CERCG is a state-owned firm with an unusual ownership structure.

According to the Chinese public corporate registry, it is currently owned by two companies: Zhongyuan Hang Ranqi and Beijing Zhongyou Sanhuan Technology Development Co., Ltd.

The former is wholly owned by China Hualian International Trading Company, which is, in turn, wholly owned by the International Department of the Central Committee of the Communist Party of China – which goes by the name “China Economic Cooperation Center.”

The latter, Beijing Zhongyou, is owned by Shanghai Guochu Nengyuan – which is itself owned by CERCG, a circular ownership structure.

A person who answered the phone at CERCG confirmed that the company is state-owned, but declined further comment, saying no one was available to answer other questions.

Direct control of corporations by the Communist Party is unusual in China, although the party wields unquestioned authority over China’s economic life. It also holds substantial influence in the private sector, through party committees inside companies – including foreign multinationals. Those committees have been buttressed in the past year as a way of ensuring the Party can maintain a grasp on entities outside its formal ownership.

Deals by Shanghai Energy and its affiliates have tended to fall below the threshold that would trigger a review under the Investment Canada Act.

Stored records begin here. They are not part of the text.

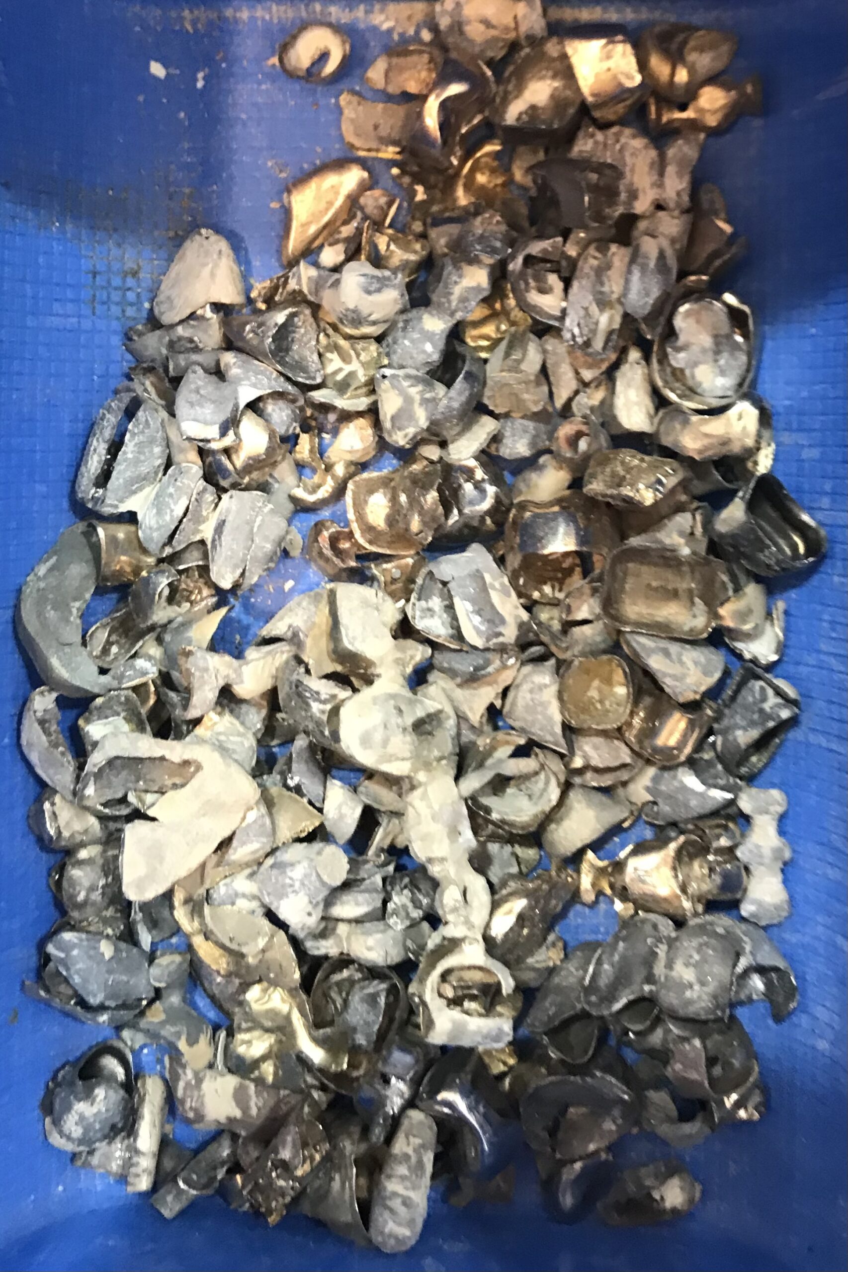 Das ermittelte Gewicht des gereinigten Zahngoldes ist zusammen mit dem festgestellten Goldgehalt Grundlage für die Bewertung. Oft wirkt Zahngold nicht „goldfarben“, sondern eher grau oder silbrig. Lassen Sie sich davon bitte nicht täuschen. Bedingt durch die jeweilige Legierung kommt es natürlich entsprechend zu unterschiedlichen Färbungen beim Zahngold. In seltenen Fällen besteht Zahngold aus Palladium, einem Edelmetall, welches auch einen hohen Marktwert hat. Auch hier ist der offizielle Ankaufs-Handelspreis für die Bewertung maßgeblich.
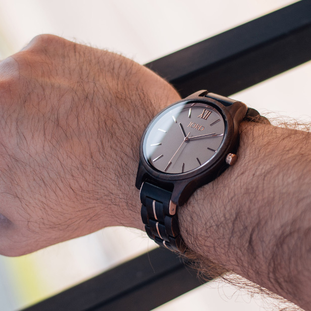 Minimalism has never equated to more. Deeply toned sandalwood combines with a solid smoke face to create a subtlety of strength. Your time is your own. Find elegance with ease in the ultra slim case and enjoy the comfort of the straight line strap. The uncomplicated face allows focus, the streamlined shaping offers style. Wear time well with the Frankie Dark Sandalwood & Smoke.
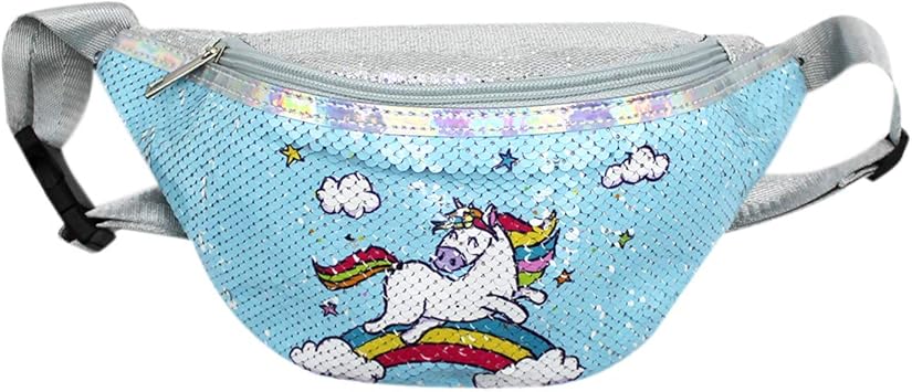 Amazon Com Fenical Fanny Pack Sequin Unicorn Chest Bag Flippy Cartoon Waist Pack Glitter Sling Daypack For Kids Girls Rainbow Waist Packs
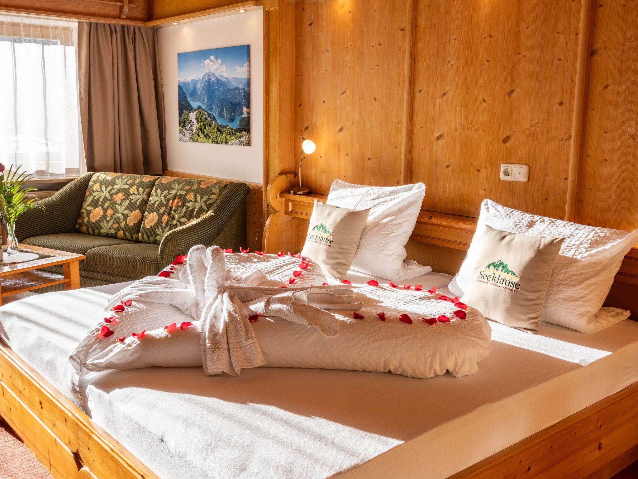 In unserer familiär geführten Hotelpension erwarten Sie geräumige, liebevolle und komfortable 7 Doppelzimmer mit einer Größe von ca. 36 qm. Alle Doppelzimmer haben Bad mit Dusche/WC, Föhn, Hotelkosmetik, Digital-Sat-Flachbild-TV mit 12 Programme, kostenloser W-Lan-Zugang, Safe, Wasserkocher mit Tee und Kaffee, 6 Zimmer mit Südbalkon alle Doppelzimmer mit herrlichem Blick auf den Hintersee, Hochkalter und Berchtesgadener Alpen. Pension, Balkone und Gaststube sind Nichtraucherzonen. Rauchen ist nur vor der Pension und auf der Terrasse gestattet. Kostenfreie Internetstation und W-Lan stehen zur Verfügung

Many involve assets burdened with major environmental liabilities that require costly remediation work or hefty deposits to be posted with Alberta’s Energy Regulator.

In 2016, the company scooped up oil and gas properties from bankrupt Endurance Energy Ltd.

The same year, Perpetual Energy Inc. sold unprofitable natural gas wells – including $133.6-million in future cleanup costs – to an unnamed buyer later identified by bankers as Sequoia Resources Corp.

Corporate registry filings list Mr. Yang as one of Sequoia’s directors. They also show the company is controlled by a numbered firm that shares a suburban address west of Calgary that at one time served as Shanghai Energy’s corporate headquarters.

Sequoia also picked up assets from bankrupt Waldron Energy Corp., according to court documents. Meanwhile, Husky Energy Inc. and Pengrowth Energy Corp. have, in recent months, transferred hundreds of well licences to yet another company called Sequoia Operating Corp.

A person familiar with the situation, who spoke on condition of anonymity because details of the transaction were private, said Pengrowth backers were the same group that bought assets from Perpetual Energy.

To be sure, it is not unusual for new companies to build up production by acquiring overlooked or distressed assets and redeveloping them over time. Indeed, the strategy could yield big gains as oil prices edge up.

“I don’t think they’re any different than any other acquirer,” said Bill Andrew, who led Long Run Exploration Ltd. as chief executive officer before it was bought in late 2015 by a unit of Shanghai-listed Changchun Sinoenergy Corp.

“They just happen to have a headquarters in Beijing, or Shanghai, or Hong Kong or wherever they’re coming from.”

One concern with Chinese state-owned acquirers is the risk they could seek to escape liability for aging sites by saying their government ownership means they are not subject to foreign law.

This comes at a time Alberta is already struggling with a spike in the number of abandoned oil and gas wells in the province following a string of corporate bankruptcies.

“What it very easily could lead to are these claims of sovereign immunity,” said Christopher Balding, a specialist in finance and economics at Peking University.

Several Chinese firms have made that argument in the United States, one after receiving a lawsuit about health problems related to Chinese-made drywall.

Others insist such fears are overblown and that Canada’s resources and China’s manufacturing prowess make for a tidy fit.

“We can exchange goods with each other – this is good. Don’t be scared by this,” urged Jiang Shan, who previously lead the economics section at the Chinese embassy in Canada.

In contemplating free trade, “there are more advantages than disadvantages. If that’s the case we should go on,” he said. China’s ever-expanding economy and consumer demand are creating “lots of opportunities for Canada,” he added. “Don’t lose this opportunity.”